Mit 14 Jahren fängt Oettermann an, eigene Lieder zu komponieren. Nach der Schule studiert er an der Universität in Tübingen vergleichende Religionswissenschaften und Philosophie, später Jazzgesang und Komposition im niederländischen Hilversum und schließlich in Trossingen klassischen Gesang. Während des Studiums lernt er seine Frau Joanna kennen. Er sagt über ihr Heimatland: "Das ist für mich wie ein anderer Planet." Sie sagt über Deutschland: "Hier habe ich das Leben gelernt – und ich lerne immer noch." Auch Choi bewegt sich zwischen den verschiedenen Disziplinen der Kunst.

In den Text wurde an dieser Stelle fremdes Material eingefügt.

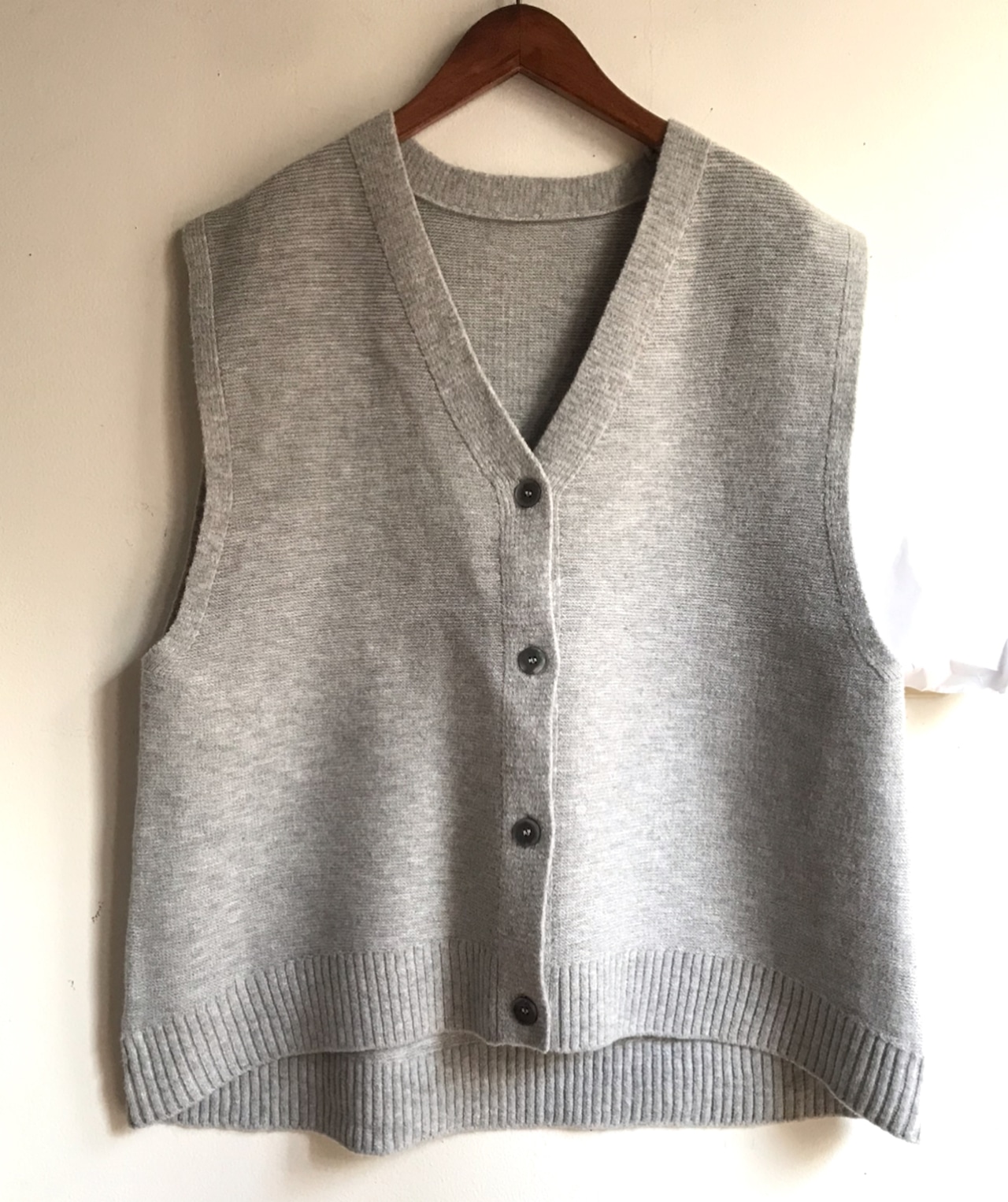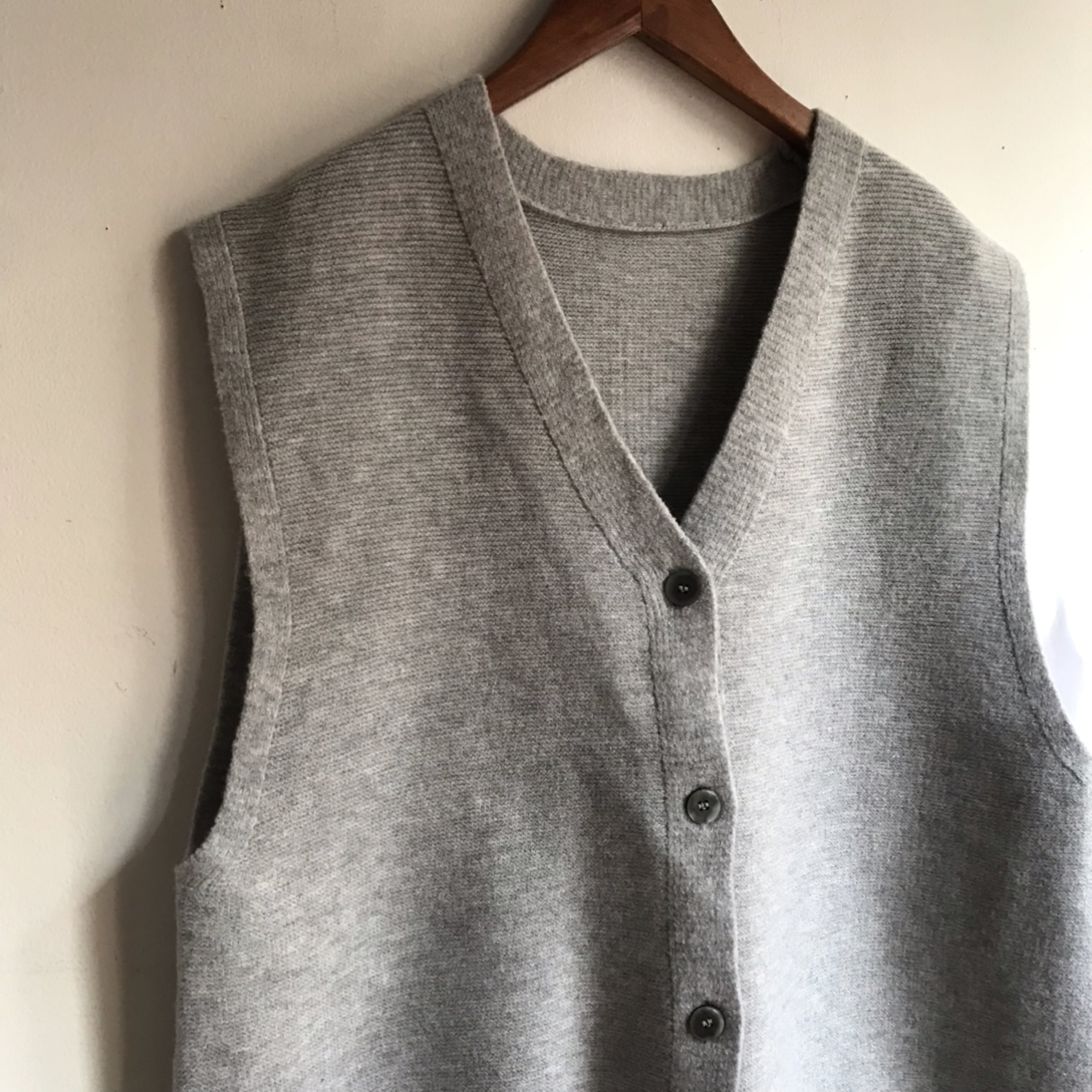 ふんわり優しい肌触りのVネック前開きベストです。
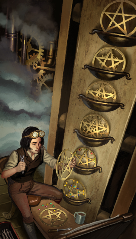 The 8 of Pentacles has always been a special card to me. It indicates a quest for mastery, a journey of doing things over and over in order to find ways to improve either quality or efficiency. I also like how this image ties in with the DYI sensibility of the Steampunk Community, as well as the archetype of the inventor and craftsperson, always seeking perfection.

Auf den großen und kleinen Bühnen
Am Hamburger Thalia-Theater steht Oettermann Mitte der 1990er-Jahre erstmals auf der Bühne. Dort hat er von 1997 bis 1999 sein erstes Engagement, spielt bis zu acht Rollen teilweise gleichzeitig. Seine mehrfachen Auftritte in der Londoner Royal-Albert-Hall bleiben in Erinnerung. "Die Briten nehmen klassische Musik nicht so ernst – da wird auch schon mal geschunkelt", erzählt Oettermann lächelnd. Tourneen und Auftritte mit Größen wie den Berliner Philharmonikern, Gastspiele an Opern- und Theaterhäusern weltweit stehen in seiner Vita. Sein letztes festes Engagement hat Oettermann am Staatstheater Meiningen, das er ab 2006 beendet. "Wenn man mit der Kunst überleben will, muss man immer dranbleiben", gibt er seine Erfahrungen wieder. Dazu gehört auch seine Erkenntnis: "Die Bühne hat schöne, aber eben auch hässliche Seiten", dabei betont Oettermann, dass er nie blauäugig gewesen ist. Für ihn ist die Bühnen-Karriere nie das Wichtigste gewesen. Zumal man auch "bestimmte Sachen machen müsste", zu denen er nicht bereit gewesen ist. Oettermann genießt die freiberufliche Kunst, für ihn hat "künstlerische Freiheit hat etwas Großes". Gemeinsam mit seiner Frau werden Themen wie Sport, Theater, Mode oder Design miteinander kombiniert, damit Neues entsteht.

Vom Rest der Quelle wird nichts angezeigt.